Sara James wyjawiła prawdę o Eurowizji 2025. Jednak była wśród finalistów
Wiadomo już, kto wystąpi w preselekcjach do Konkursu Eurowizji 2025. TVP właśnie ujawniło listę kandydatów - i w tym samym momencie w sieci pojawiło się mocne oświadczenie Sary James. Piosenkarka ujawniła zaskakujące informacje, dotyczące swojego udziału w preselekcjach. Było inaczej, niż wcześniej opowiadała.
Konkurs Piosenki Eurowizji 2025 już w maju, a dziś TVP ogłosiła listę kandydatów, którzy zmierzą się w polskich preselekcjach. W tym roku widzowie wybiorą reprezentanta naszego kraju w głosowaniu SMS. Do finału preselekcji komisja wybrała 10 artystów. To na nich będzie można głosować już 14 lutego:
- Chrust, "Tempo"
- Dominik Dudek, "Hold the light"
- Marien, "Can't hide"
- Daria Marx, "Let it burn"
- Sonia Maselik, "Rumours"
- Janusz Radek, "In Cosmoc Mist"
- Swada x Niczos, "Lusterka"
- Justyna Steczkowska, "Gaja"
- Kuba Szmajkowski, "Pray"
- Tynsky, "Miracle"
Wiele osób do końca miało nadzieję, że na tej liście znajdzie się Sara James. Sama artystka jeszcze niedawno tłumaczyła, dlaczego w tym roku zrezygnowała z udziału w preselekcjach.
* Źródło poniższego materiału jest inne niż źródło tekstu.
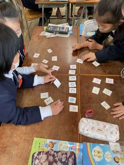 C-NETの先生と一緒にアルファベットの学習です。カードの並べ替え競争をグループ対抗で行い、盛り上がっていました。

Teraz wydała nowe oświadczenie, w którym ujawniła całą prawdę.
W niedawnym wywiadzie, jakiego Sara James udzieliła Pomponikowi, artystka tłumaczyła, że zrezygnowała z udziału w preselekcjach z powodu innych wyzwań zawodowych, związanych z promocją nowej płyty i planowaniem trasy koncertowej.
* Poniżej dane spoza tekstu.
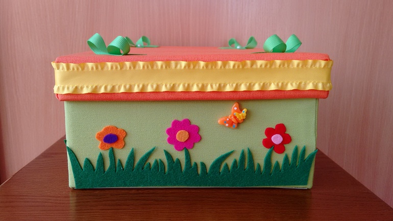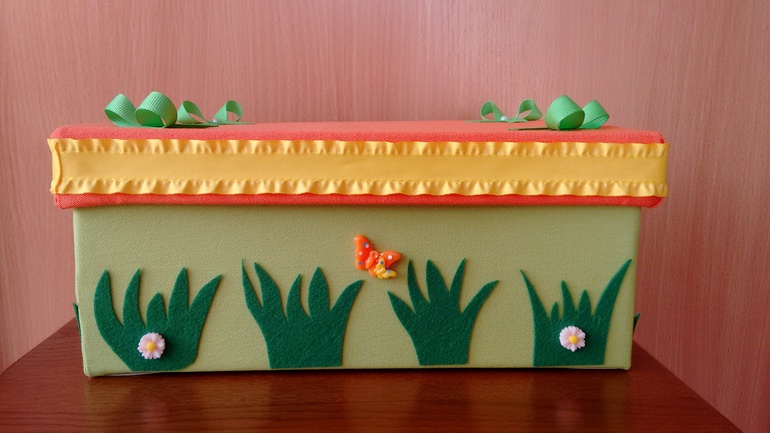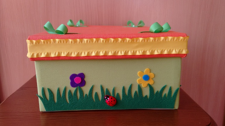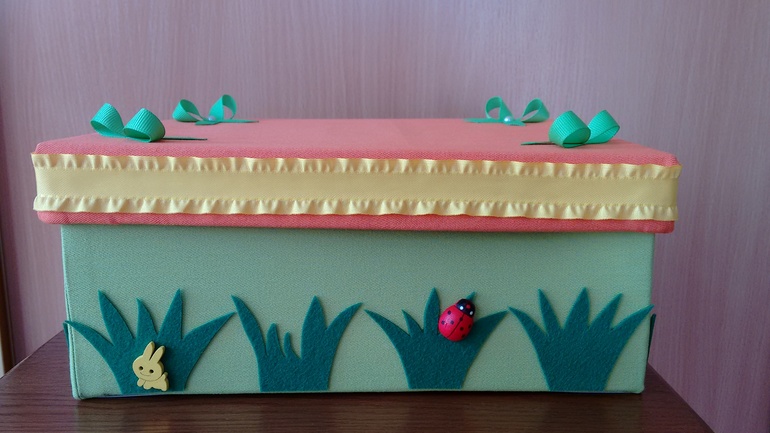 Дали нам в садике задание сделать коробочку в творческий уголок... Со слов воспитателя, просто любую коробку от обуви обтянуть тканью, бантик какой-нибудь навесить и хватит... В эту коробочку детки будут складывать карандаши, ножнички и прочее...

"To jest bardzo ciekawe... Na pewno pojawił się w mojej głowie ten pomysł, ale chcę być przygotowana. [...] Chciałabym to zrobić dobrze, jeśli miałabym taką możliwość. Jest mi bardzo miło, wielki zaszczyt, ale chyba jeszcze nie" - mówiła niedawno w rozmowie z naszą redakcją.
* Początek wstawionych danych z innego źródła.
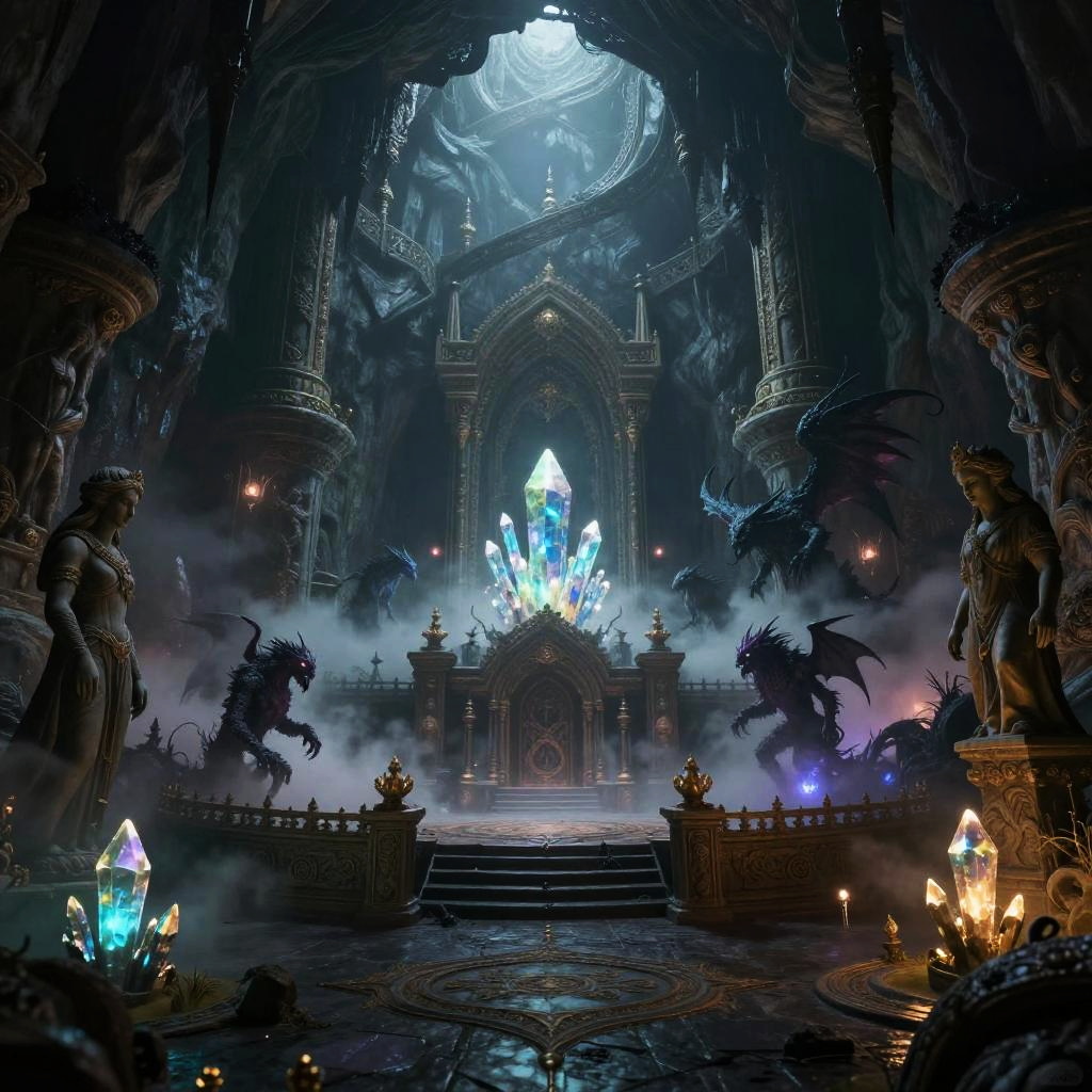 AI dungeon generator showcasing a mystical underworld cavern with glowing crystals, eerie fog, ancient statues, and magical barriers, inhabited by shadowy fantasy creatures, rendered in moody dark fantasy style with rich color contrasts and detailed environment design.

Zaznaczyła, że nie rezygnuje z tego pomysłu, ale jej fani muszą jeszcze poczekać. Tymczasem okazało się, że wokalistka jak najbardziej zgłosiła swoją piosenkę do preselekcji! Czemu zatem nie weźmie w nich udziału?
Tuż po tym, jak TVP ogłosiło listę finalistów preselekcji do Eurowizji 2025, Sara James opublikowała na Instagramie oświadczenie. Plotki okazały się prawdziwe: rzeczywiście wzięła udział w preselekcjach i zgłosiła piosenkę "Tiny Heart". Ostatecznie wycofała się jednak z eliminacji.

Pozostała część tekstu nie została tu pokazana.